The goal of this project is to produce a list of word counts for words that appear in the bodies of the Enron emails (ignoring the headers.) Only words that appear 10 or more times will be included. The produced list will be sorted in order of count descending. Output is a single CSV file.
- Download the Enron email dataset from here
- Uncompress the dataset to a local location. This will be your $input location.
- If you don't have sbt and/or Spark install them using Homebrew now.
On your terminal, enter
brew install sbt
to install sbtbrew install apache-spark
to install Spark
- clone this repo to your local machine by running
git clone https://github.com/mklosi/word-count.git
- cd into the cloned project dir and build the project, along with its far jar using
sbt assembly
- when done, run
spark-submit --master local[*] --driver-memory 2g --class WordCountJob <$projectdir>/target/scala-2.11/word-count-assembly-0.1.jar --input-path "<$input path>" --output-path "<$output path>"
- Each file represents a single email message.

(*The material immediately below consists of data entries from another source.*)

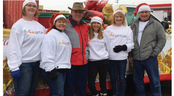
7Cares Idaho Shares day in Twin Falls, Idaho

Optum Idaho employees took an active role in helping make the $22,500 in donations possible. Our efforts were recognized by local media, elected officials and community leaders throughout the state.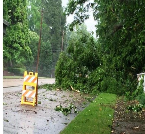
Captions: Left: Ponding water covers the left lane on Humphreys Blvd April 30 Right: Down trees on Walnut Grove on April 30 blocking right lane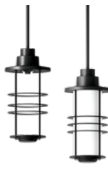
Forrey 32 Ø12.5"/10.5"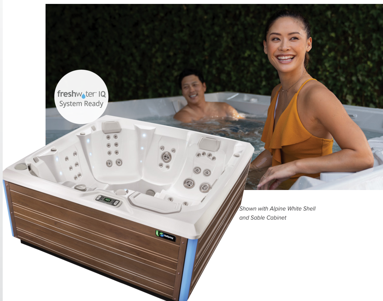
Shown with Alpine White Shell and Sable Cabinet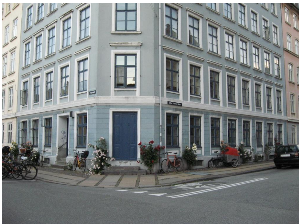
Streetcorner, 19th century, Copenhagen, Denmark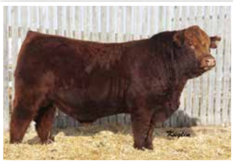
JYF Edmonton 519E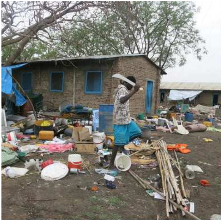
Compound of Christ The King Church in Malakal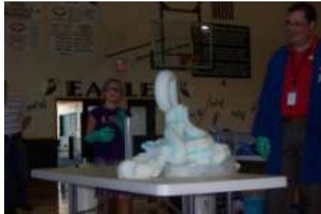
Pictured above are fifth-grade students creating "Elephant Tooth Paste"

The ANGUS chemical company recently launched their partnership with local schools at OCS with a presentation to our fourth and fifth graders. The program is called Science is pHun . The program is designed to expose students to the world of science through a series of chemistry demonstrations & experiments and to generate enthusiasm for learning how chemistry is a part of their everyday lives. Safe handling of chemicals and the significance of education are the primary focus of the demonstrations, which expose students to science through hands-on and visual learning methods.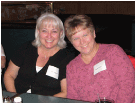
ORS staff joined some of our retired colleagues on October 29 at Tony M's restaurant. View more photos now.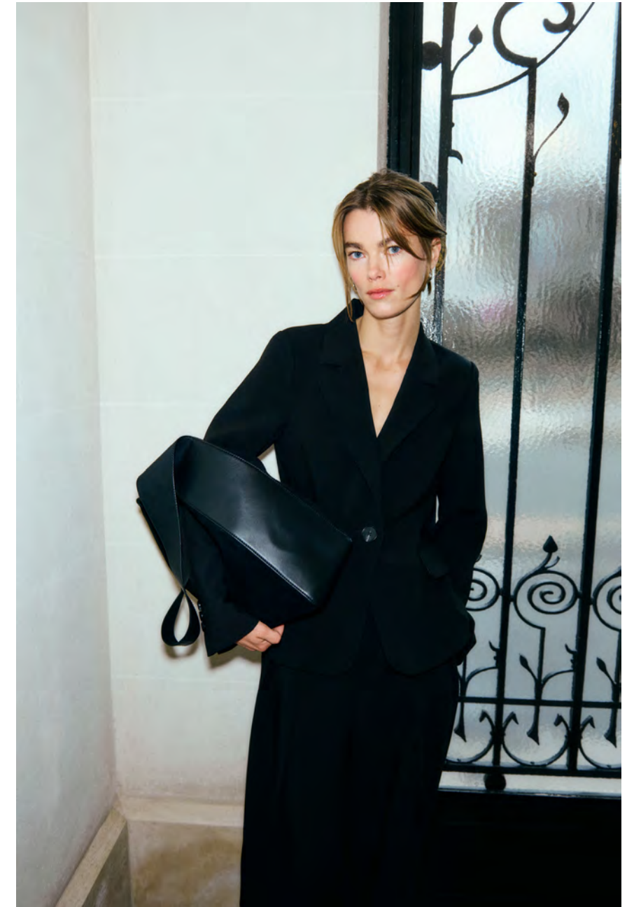
30110990 BryelleIW Blazer / 30110991 BryelleIW Wide Pant / 30110717 AvikalIW Bag / 30111065 AgnesIW Small Earring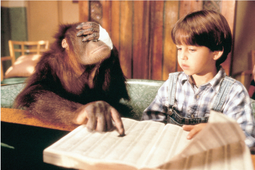
Fig. 4: Dunston Checks In .

Offered a chance to escape, he refuses to leave his cage until he can put on his clothes. ‘I’m not dressed’, he says to the waiting chimps, one of whom replies, ‘But Thelonius, you’re an orangutan’. He repeats, simply, ‘I’m not dressed’. At the film’s end, the animals are all safely ensconced at Farmer Hoggett’s rural haven, but whereas the other apes take easily to the trees, Thelonius insists on staying in the house with the humans. Because the narrative is constructed from a zoo-centric perspective, the viewer can read past the anthropomorphism by which Thelonius’s character is realised to register the finale as not only a critique of his (enforced) acculturation to human ways but also a suggestion that he has now chosen how to live amid limited options.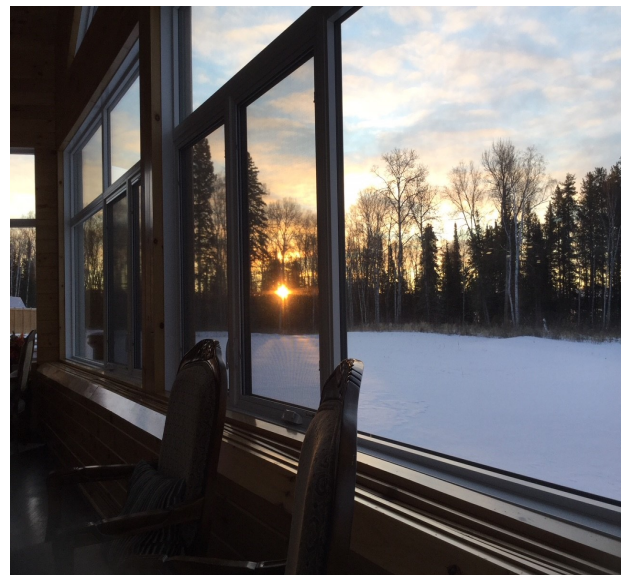
Lac des Mille Lacs First Nation Education Centre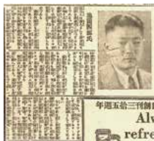
Photo 15 Ikeda Shoyu Hawaii Mainichi, July 17, 1941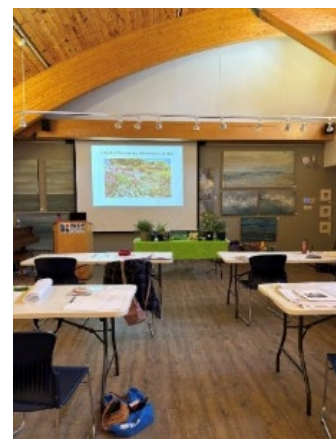
The session set-up at the library

Meaford and Thornbury libraries have just wrapped up their 3-part A to Z gardening series that guided participants through the process of planning and designing a garden, including plant selection, budgeting and installation. Summer programs will involve sessions on soil composition, soil type, overall soil health, and tips on composting.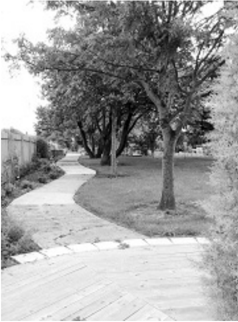
Image 12: Rainbow Walk (zone A). The Rainbow Walk surface offers different colours and textures, which provide a broad learning experience. It includes a kickabout area with lawn and trees that provide shade. The zone covers 767 sq. metres.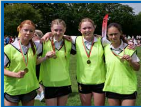
Year 9 Relay - Gold Medallists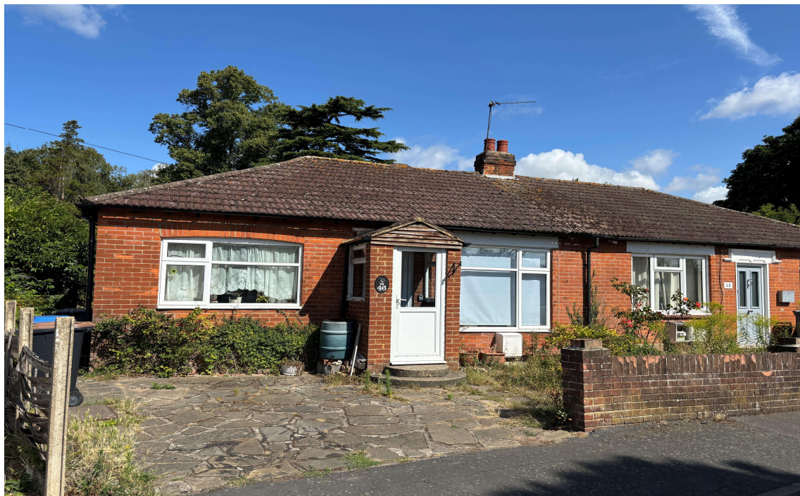
Vegal Crescent, Englefield Green, TW20 0QF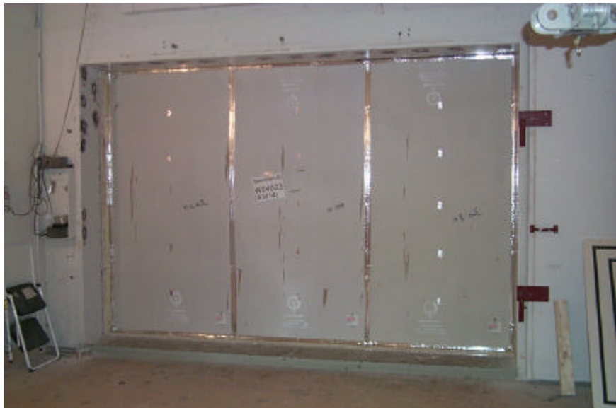
Figure 1: The Specimen B3414-6 installed in the IRC acoustical wall test frame.

single wood stud cavity. A single layer of 16mm QuietRock QR-530 Serenity with a single layer of 16mm gypsum board were installed vertically on one side of the wood studs. A single layer of 16mm of gypsum board was installed vertically on the other side of the wood studs. All were attached on the wood studs with Type S drywall screws, 41mm long and spaced at 406mm oc along the edges and in the field. The joints of the gypsum board were staggered by 610mm with the joints of the QuietRock QR-530 Serenity. A product identified by the client as QuietSeal was used to seal all the joints of the QuietRock QR-530 Serenity and of the gypsum boards, then covered with metal tape. The perimeter of the specimen was also caulked with QuietSeal and covered with metal tape.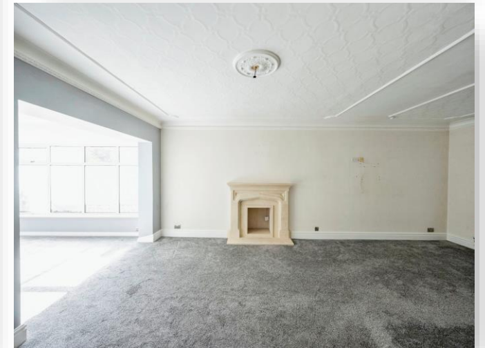
Brooklands March Gate, Conisbrough Doncaster DN12 2EG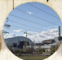
PANAROMA VIEW OF CHERNOBYL POWER PLANT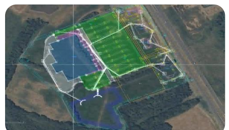
Produce Cost-Optimised Site Plans and takeoff budgets within hours

Date : 24 th February, 2014. Venue: Hotel Armada Petaling Jaya . Lot 6, Lorong Utara C, Section 52, 46200 Petaling Jaya, Selangor Darul Ehsan Malaysia. Tel : (603) 7954 6888 . Fax : (603) 7956 8088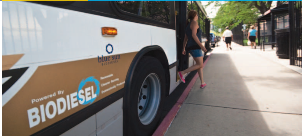
Biodiesel works well in many applications, such as this B20 transit bus at the University of Colorado at Boulder.

Most original equipment manufacturers (OEMs) approve blends up to B5 in their vehicles. Some approve blends up to B20, and one manufacturer even approves B100 for use in certain types of its farm equipment. However, some OEMs don't recommend using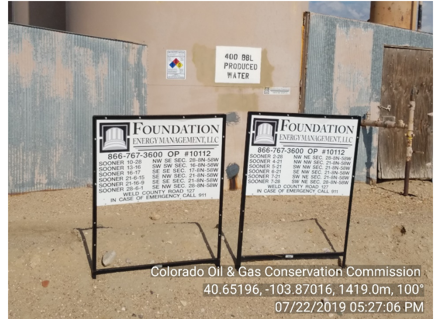
Colorado Oil & Gas Conservation Commission 40.65196, -103.87016, 1419.0m, 100° 07/22/2019 05:27:06 PM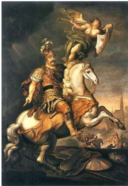
Jan Sobieski.

On September 11, 1683, Polish King John III, a.k.a. Jan Sobieski, i arrived at a hill north of Vienna to break the second great siege of that city by the Ottoman Turks. ii Within hours he led the combined forces of the Crown of the Kingdom of Poland, the Habsburg Monarchy, and the Holy Roman Empire iii in the epochal battle at the gates of Vienna, during which Sobieski led the largest cavalry charge in world history, iv ultimately routing a 150,000-man Ottoman army about twice the size of his own, v after which, according to one historian, “the Ottoman Turks ceased to be a menace to the Christian world.” vi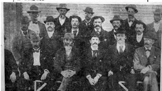
Some pioneers of Menzies, W.A., taken in 1894.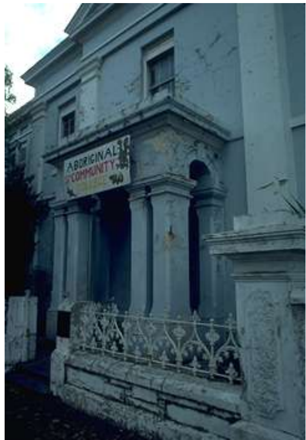
(CD Ref 1345/65)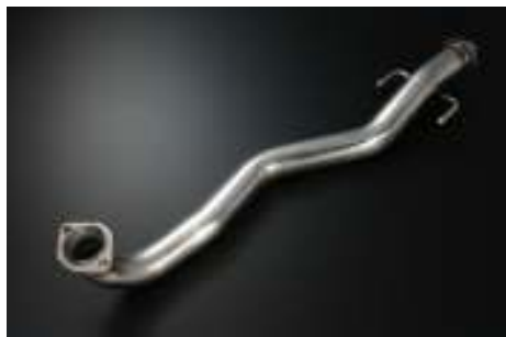
Front pipe ¥30,000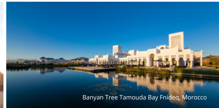
Banyan Tree Tamouda Bay Fnideq, Morocco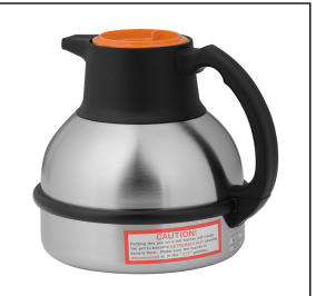
THERMAL CARAFE,ORN 1.9L 1PK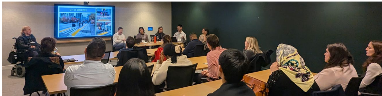
Figure 2: Presenters and Participants at the Island Platform Bus Stops: Beyond the Design Guide Discussion

With the recent passing of provincial accessibility legislation (The Accessible BC Act), and the 2020 BC Human Rights Tribunal ruling on Bus Stop Accessibility, professionals are looking for information on how to balance the need to quickly expand active transportation facilities without compromising safety for any members of the community, especially those who rely on transit for mobility.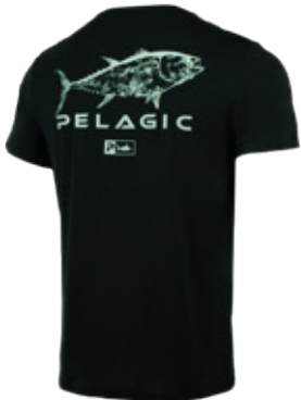
BLACK 1014211000 | BLK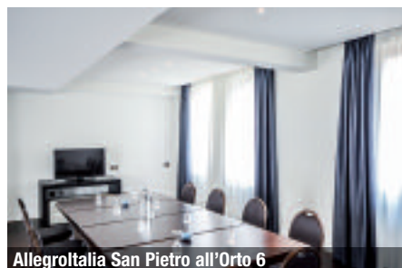
AllegroItalia San Pietro all'Orto 6

glam e alla moda coi comfort e i servizi esclusivi di un hotel 5 stelle anche per soggiorni brevi. Per gli eventi offre uno spazio meeting versatile e personalizzabile. La Maxi Penthouse, situata al quinto piano, si sviluppa su 140 mq con ampia terrazza panoramica nel cuore della zona più trendy di Milano, tra showroom di moda e di design, adattabile a qualunque tipo di riunione, evento o cocktail party, in grado di garantire massima privacy e di accogliere fino a 150 persone. Con il supporto del servizio catering selezionato da AllegroItalia è inoltre possibile scegliere e definire il menù più adatto all'evento e il miglior allestimento.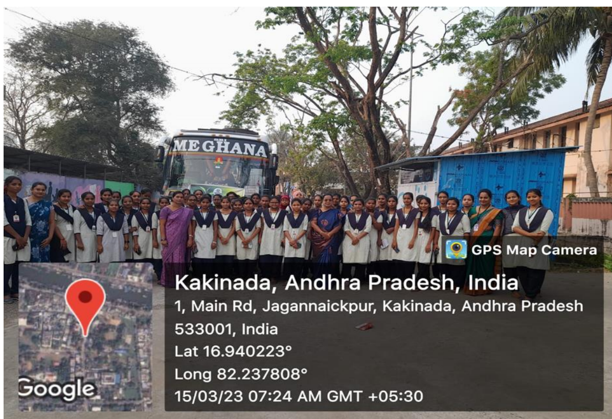
Students and Faculty near College gate before starting to Field Trip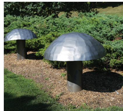
Mushrooms by St. Stephen's Catholic Secondary School Oshawa Valley Botanical Gardens Collection: City of Oshawa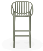
Greenish Grey Bini High Stool 06539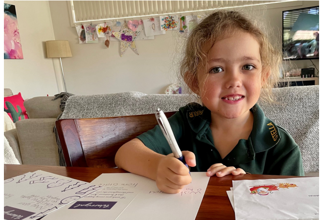
Year 1 Stella Maris who wrote Christmas cards

THANK YOU to everyone who have generously donated items, wrote on Christmas cards, knitted items, helped pack hampers for our lonely and isolated customers and decorated our homes this Christmas.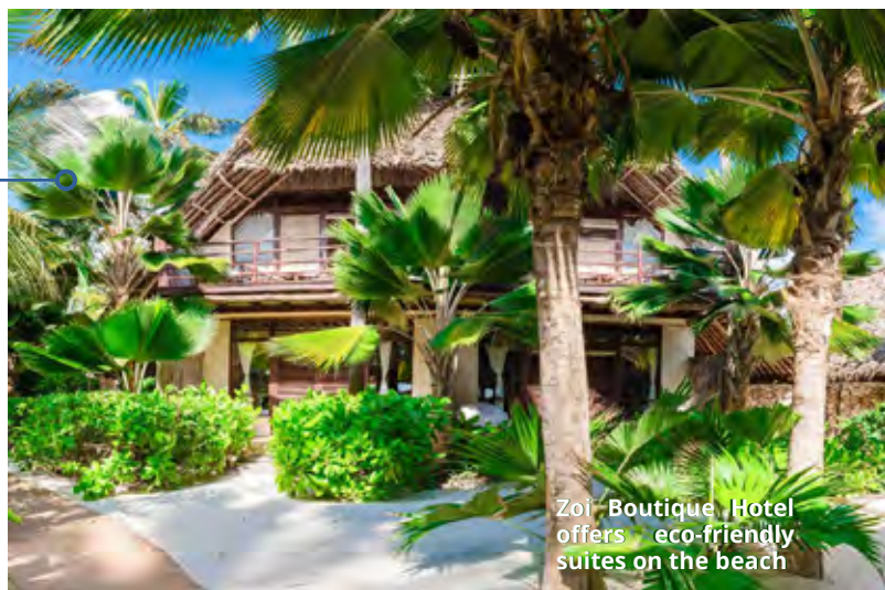
Zoi Boutique Hotel offers eco-friendly suites on the beach

Zoi Boutique Hotel is located on the tranquil northeast side of the island in the fishing village of Matemwe. It is about an hour's drive from Stone Town and the airport. Guests stay in eco-friendly suites on the ocean. It's the perfect place to relax, with a beautiful garden and two swimming pools. Zoi Boutique Hotel offers a great white sand beach and many excursions within a short walk. Scuba divers and snorkelers can explore the coral reefs of Matemwe Island nearby.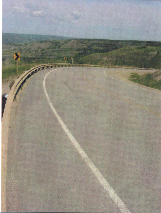
Photo 10. Cracking at the outside of the corner at the south end of the Michelin slide.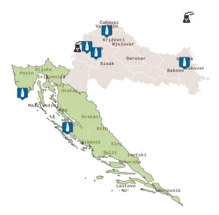
Figure 13. Milk sampling locations

Milk samples are collected at markets (Zagreb, Varaždin) and on farms (Osijek, Zadar) (Fig. 13). Samples are collected monthly (Zagreb, Osijek, Zadar) or during two months (Varaždin, Pušća). Seven litres of milk are evaporated under UV lamps, ashed at 450 °C (for gamma spectrometry) and at 650 °C (for determination of <sup>90</sup>Sr).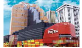
Sunway Putra Mall

- From the limited number of example emails I inspected, it seems that the headers for each email are largely consistent. It's 15 lines of headers, followed by one empty line, followed by the email body. However, some emails have missing headers, but that will not effect the word counts generated by this job.
- In a lot of cases, there are headers mixed along with email bodies, for example, when an email body quotes previous emails in a thread. This job does not handle those cases.
- This job also does not stem words or remove stop words (or any characters). This could be handled in future releases.